The Golden Field Guides are a series of larger pocket-sized books that were created by Western Publishing and published under their "Golden Press" line (mostly used for children's books at the time), as a related series to the Golden Guides. Edited by Herbert Zim and Vera Webster, the books were written by experts in their field and illustrated with a simple straightforward style.

Unlike the Golden Guides, the Field Guides went more in-depth, being more aimed at the high school/college level. They also had sturdier covers, obviously intending that they be used in the field. Most note that they are a "Guide to Field Identification" on the cover. To go more in-depth and intended as both identification and educational, most of the Field Guides limited themselves to North America, while the Golden Guides were usually worldwide.
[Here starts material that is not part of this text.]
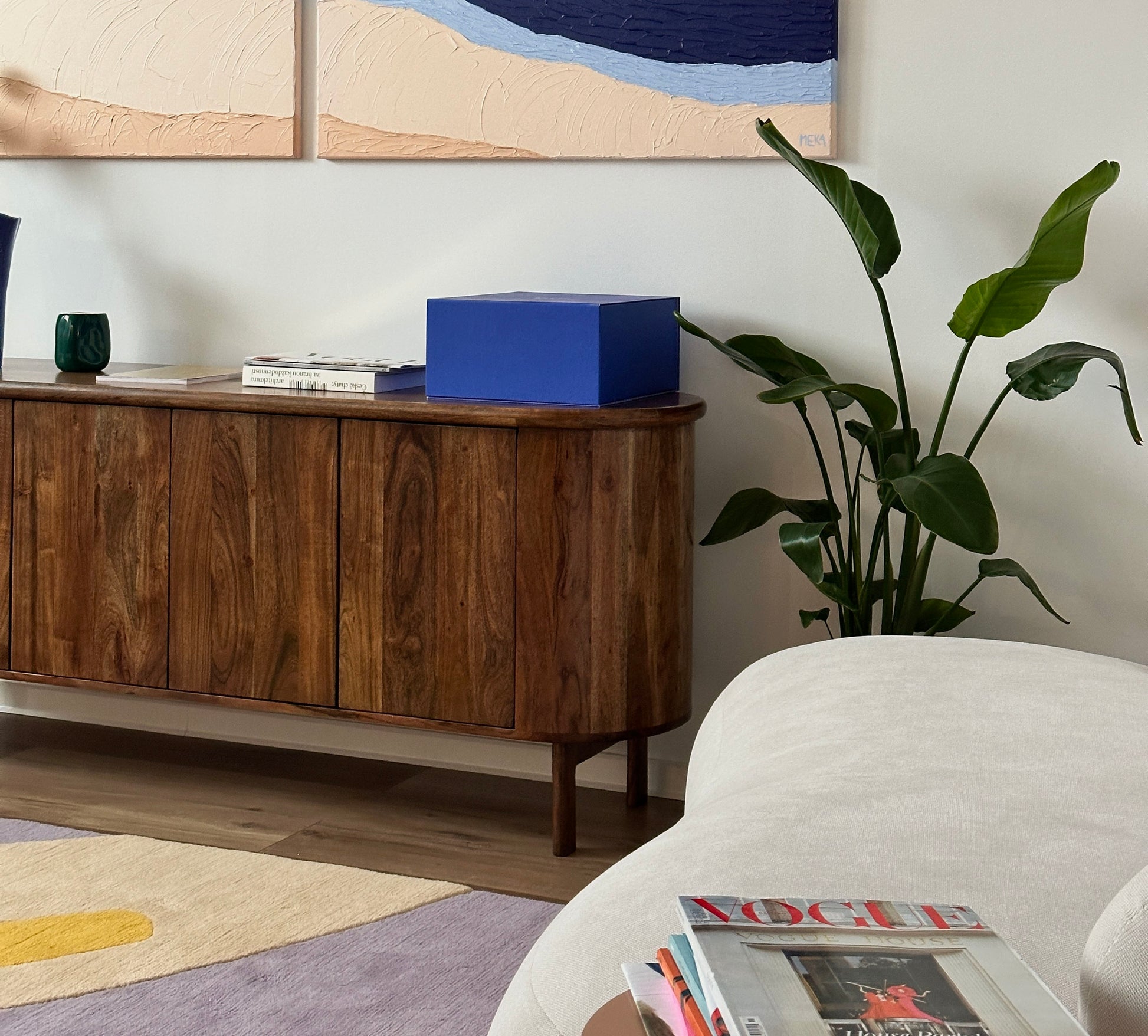The Bia chest of drawers is the embodiment of natural elegance and craftsmanship. Its gently rounded shape and rich solid wood grain create a harmonious balance between modern design and timeless aesthetics. The warm wood shade brings a sense of coziness and natural luxury to the interior.

The series, updated, was relaunched in 2001 as "Golden Field Guides by St. Martin's Press". Certain titles have been discontinued, such as the Amphibians of North America and Families of Birds books.

Series list 
 Amphibians of North America, by Hobart Muir Smith (1978) — discontinued by St. Martin's Press
 Birds of North America, by Chandler Robbins and Bertel Bruun (1966)
 Eastern Birds, by James Coe (1994) — limited release in original but continued by St. Martin's Press
 Families of Birds, by Oliver L. Austin (1971) — originally published as a Golden Guide (small format) and later, slightly modified, as Golden Field Guide (large format); later discontinued by St. Martin's Press
 Reptiles of North America, by Hobart Muir Smith, Edmund D. Brodie, David M. Dennis, and Sy Barlowe (1982)
 Minerals of the World, by Charles A. Sorrell (1973) — later renamed Rocks and Minerals
 Seashells of North America, by R. Tucker Abbott (1968)
 Skyguide, by Mark R. Chartrand and Helmut K. Wimmer (1982) — later renamed Night Sky
 Trees of North America, by C. Frank Brockman and Rebecca A. Merrilees (1968)
 Wildflowers of North America, by Frank D. Venning and Manabu C. Saito (1984)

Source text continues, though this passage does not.